# Conditional Decisions

Perl conditional statements allow conditions to be evaluated or tested with a statement or statements to be executed per the condition value which can be either `true` or `false`.

Perl does not have native boolean types. However, the numeric literal 0, the strings "0" and "", the empty array `()` and `undef` are all considered `false` in the context of condition evaluation.

Below are several types of conditional statements:

• `if (condition) statement`
• `if (condition) {statement1; statement2; statement3;}`
• `if (condition) statement else statement`
• `if (condition) elsif (condition) statement else statement`
• `unless (condition) statement`
• `unless (condition) statement else statement`
• `unless (condition) elsif (condition) statement else statement`

## Ternary operator

The `?` conditional operator is a simplified method of `if (condition) statement else statement`. It has the general form of: `(condition) ? statement1 : statement2`.

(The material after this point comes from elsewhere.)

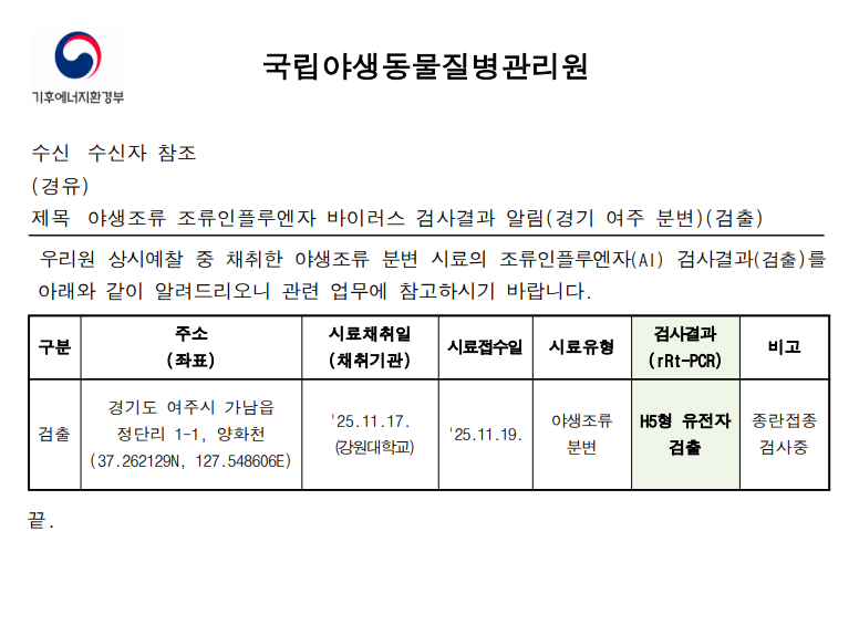 (경기 여주) 야생조류 조류인플루엔자(H5형) 항원 검출에 따른 차단방역 및 예찰 강화 알림(경기 여주 양화천, 분변)

First the condition is evaluated. If true, then `statement1` is executed and becomes the value of the expression, otherwise, `statement2` is executed and becomes the value of the expression.

## Equality and Comparison Operators

These operators can be used to define conditions in conditional statements. Numeric values and string values are compared using different operators

### Numeric values operators

• `==` true if the value of the left operand is equal to the value of right operand, else false
• `!=` true if the value of the left operand is not equal to the value of right operand, else false
• `!` negates the boolean value of whatever comes after this in a conditional expression
• `<=>` Compares the values of two numeric values and returns -1, 0, or 1 if the left argument is numerically less than, equal to, or greater than the right argument, respectively
• `>` true if the value of the left operand is smaller than the value of right operand, else false
• `<` true if the value of the left operand is lower than the value of right operand, else false
• `>=` true if the value of the left operand is smaller or equal than the value of right operand, else false
• `<=` true if the value of the left operand is lower or equal than the value of right operand, else false

### String values operators

• `eq` true if the left argument is stringwise equal to the right argument
• `ne` true if the left argument is stringwise not equal to the right argument
• `gt` true if the left argument is stringwise greater than the right argument
• `lt` true if the left argument is stringwise less than the right argument
• `ge` true if the left argument is stringwise greater than or equal to the right argument
• `le` true if the left argument is stringwise less than or equal to the right argument
• `cmp` -1, 0, or 1 depending on whether the left argument is stringwise less than, equal to, or greater than the right argument, respectively

Example:

``````\$x = 5;
\$y = 10;
# if
if (\$x == 5) {
print "x is indeed 5\n";
}
# if ... else
if (\$y == 5) {
print "y is indeed 5\n"
} else {
print "y is not 5\n";
}
# if ... else using the ? : operator
\$my_result = (\$y == 5) ? "y is indeed 5" : "y is not 5";
print "My result is: \$my_result\n";

# if ... elsif ... else with multiple statements
if (\$x > \$y) {
print "Result is: x (\$x) is greater than y (\$y)\n";
} elsif (\$my_result eq "y is not 5") {
print "Result is: I know that \$my_result\n";
} else {
print "Result is: x (\$x) is not greater than y (\$y)\n";
}
``````

## Exercise

An array `@family` holds a list of family member names. The first hash `%shoe_color` contains favorite shoe color per person name. The second hash `%shoe_size` contains shoe size per person name.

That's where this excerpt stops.